España, discutido y discutible país, se ha caracterizado desde tiempo inmemorial en aquilatadas costumbres difíciles de erradicar.

Una de las más arraigadas es la de solucionar los problemas nacionales desde las barras de los bares. Tal vez seríamos un país mucho más eficiente si modificásemos la configuración actual del congreso y en el sitio donde está sentado su presidente, Jesús María Posadas, se instalara una barra de bar con sus grifos de cerveza y sus toneles de buen vino de Moriles-Montilla.

Mientras esta solución llega y para que ningún chusco pueda acusarme de pregonar y no dar trigo… me propongo en estos próximos días reflexionar sobre el futuro de la calle Mayor de Pozoblanco y que medidas podrían adoptarse para intentar frenar el deterioro que, desde el punto de vista comercial, está sufriendo.

Ni que decir tiene que éstas medidas las impulsaríamos si tuviéramos presencia en el Ayuntamiento como grupo político ya que es uno de los principales actores de esta trama.

Como queremos seguir un guion para no irnos por las ramas, como un Virgilio en la Divina Comedia [i]de Dante, bajaremos a los infiernos de los problemas que aquejan a la calle Mayor para después visitar el purgatorio de las medidas necesarias a acometer para intentar llegar al paraíso de un futuro con esperanza.

VIAJE AL INFIERNO

Comentábamos en el anterior artículo que el comercio en esta calle en particular, y en Pozoblanco en general, venía sufriendo los embates que la competencia de Córdoba le estaba ocasionando. La mejora en las comunicaciones ha supuesto acercar al consumidor del Valle de los Pedroches una tentadora oferta que antes, por la distancia, no era especialmente significativa.

Dicha oferta es extensa. Se encuentran las firmas de moda, las grandes marcas, los stock disponibles.  Los grandes almacenes ofrecen lineales de producto que en el pequeño comercio es imposible alcanzar. Esto provoca una amplitud de precios que busca acaparar todos los estratos de demanda. Así mismo establecen lo que podríamos denominar como oferta complementaria que acaba por llenar el carro del comprador y agotar su cartera.
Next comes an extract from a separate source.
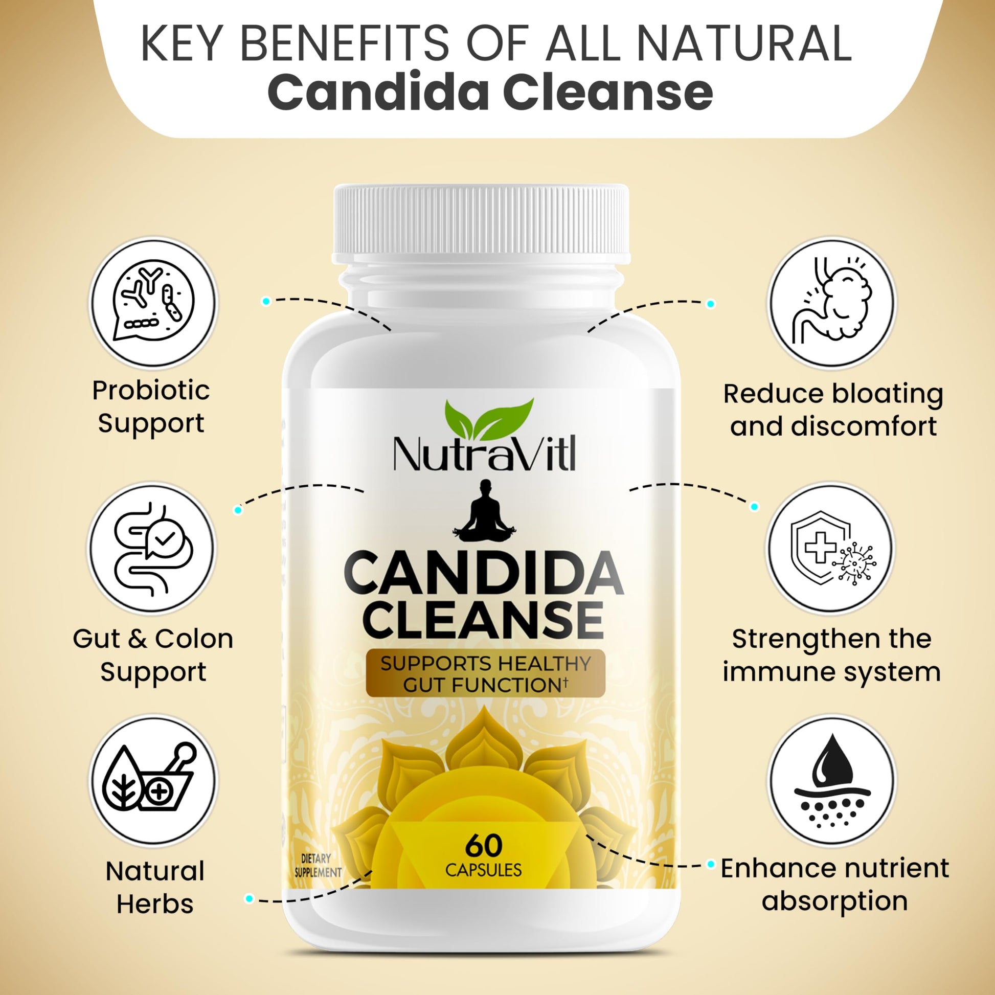 Candida Cleanse (60 Capsules) Gut & Colon Support for Men & Women - Candi Support Natural Herbs for Intestinal Overgrowth Detox - Includes Oregano Leaf, Wormwood, Black Walnut, Caprylic Acid

Es la típica frase: …”ya que estamos aquí aprovechamos para comprar…”

El viaje a Córdoba, a pesar de la molestia que supone y el gasto en tiempo y dinero (ya anunciamos puntos fuertes del comercio local) le provoca al consumidor y sobre todo a sus acompañantes la posibilidad de modificar rutinas diarias y nuevas y posibles gratificantes experiencias. Tan sólo tenemos que ver la reacción de nuestros hijos cuando se les anuncia un futuro viaje a la capital. Ellos, finos analistas donde los haya, enseguida captan nichos de oportunidad para poder satisfacer sus anhelos (regalos no programados, entretenimiento, chucherías, etc) que el viaje les puede deparar. Aquí volvemos a tener un atisbo de por dónde pueden ir nuestras futuras medidas…

El comprador del Valle de los Pedroches que se desplaza a Córdoba a comprar está dispuesto a “pasar el día” asumiendo un presupuesto de gastos que, en ningún caso, admitiría afrontar al visitar nuestra localidad. Ese es el objetivo del comercio en la calle Mayor.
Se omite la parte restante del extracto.